◆ Study material:

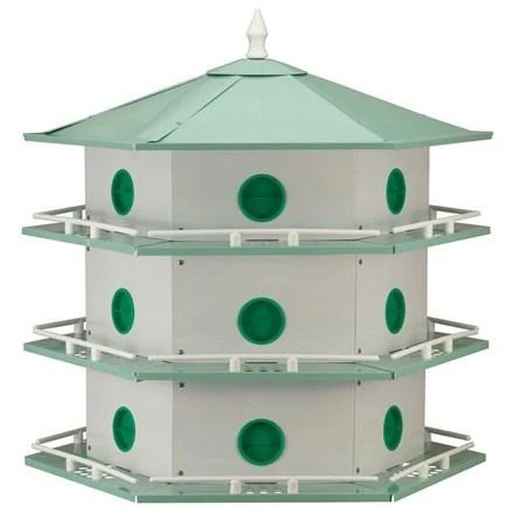 Purple Martins are social birds that prefer colony living. Heath’s 18-room Deluxe Purple Martin House is designed in a hexagon shape and built for the birds. Because it’s constructed of durable, lightweight aluminum it's made to keep the birds cooler in the summer months. Each room includes door stops and protective rails. Mounting pole sold separately.
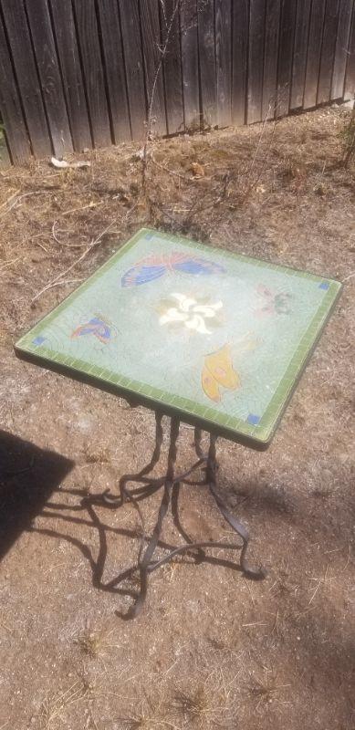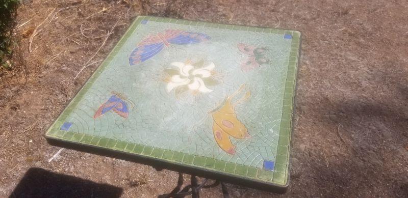 Lot 2-419: Vintage Tile Top Metal Base Table 14" x 14" x 23.5" Tall
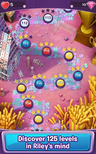 Người chơi sẽ cùng đồng hành với các cảm xúc của Riley trong một cuộc phiêu lưu thú vị, kết hợp và phân loại các bong bóng màu sắc khi khám phá những vùng đất đầy sáng tạo lấy cảm hứng từ bộ phim – hòn đảo Gia đình, Nhà máy Giấc mơ, Vùng đất Trí tưởng tượng và nhiều hơn nữa.
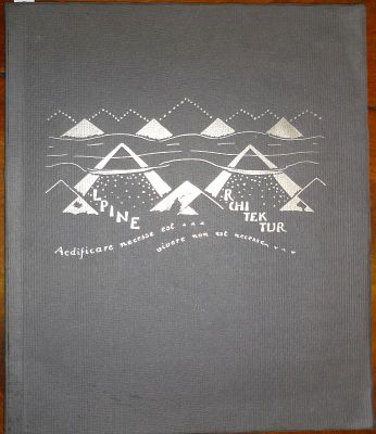 Taut, Bruno. Alpine Architektur. In 5 Teilen und 30 Zeichnungen. Hagen i.W., Folkwang-Verlag, 1919. Folio (40 x 34 cm). Mit gez. Titel u. mont. Inhaltsverz. u. Zwischentiteln sowie 30 meist mont. Taf., davon 8 farbig und einige gold- bzw. silbergehöhte Zeichnungen. <Nr. 29776>
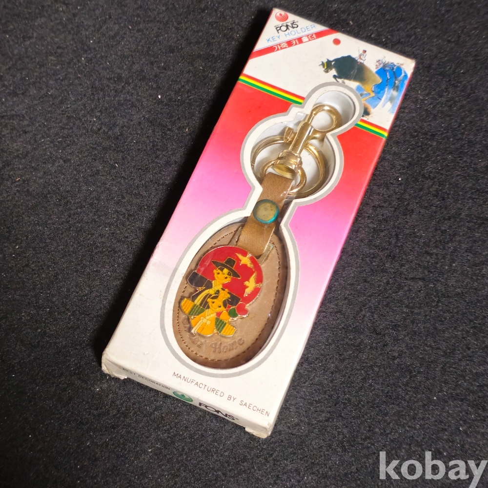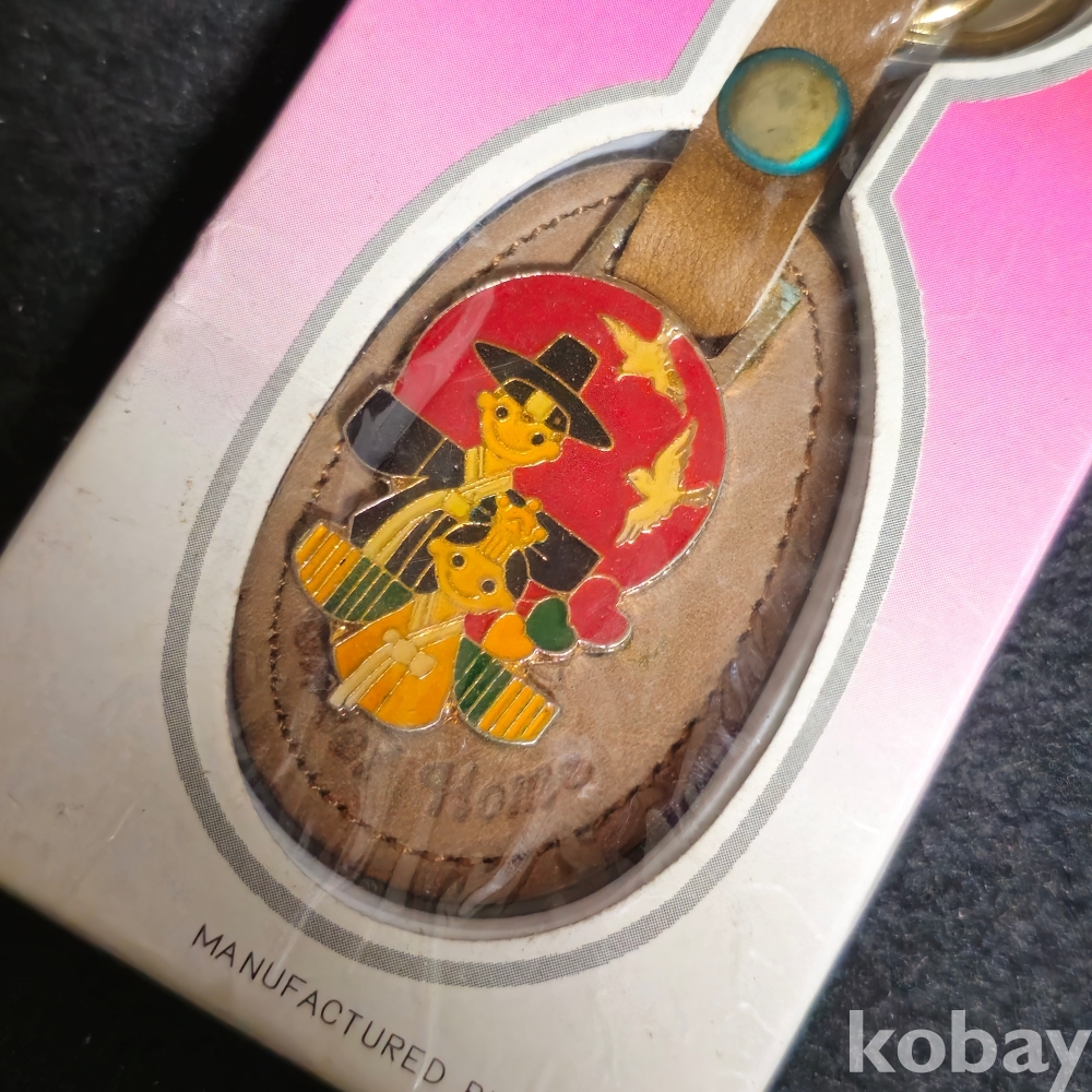 (((근현대사자료/키링/키홀더/열쇠고리/가방걸이))) 오래전 가죽에 신랑신부 금속부착 키링 (미사용)

◆ What is being asked:
Start at the line that contains "Taut, Bruno. Alpine" and retype every line through the end of the entries above, both ends included. Exclude all pictures.

◆ Task output:
 Taut, Bruno. Alpine Architektur. In 5 Teilen und 30 Zeichnungen. Hagen i.W., Folkwang-Verlag, 1919. Folio (40 x 34 cm). Mit gez. Titel u. mont. Inhaltsverz. u. Zwischentiteln sowie 30 meist mont. Taf., davon 8 farbig und einige gold- bzw. silbergehöhte Zeichnungen. <Nr. 29776>
 (((근현대사자료/키링/키홀더/열쇠고리/가방걸이))) 오래전 가죽에 신랑신부 금속부착 키링 (미사용)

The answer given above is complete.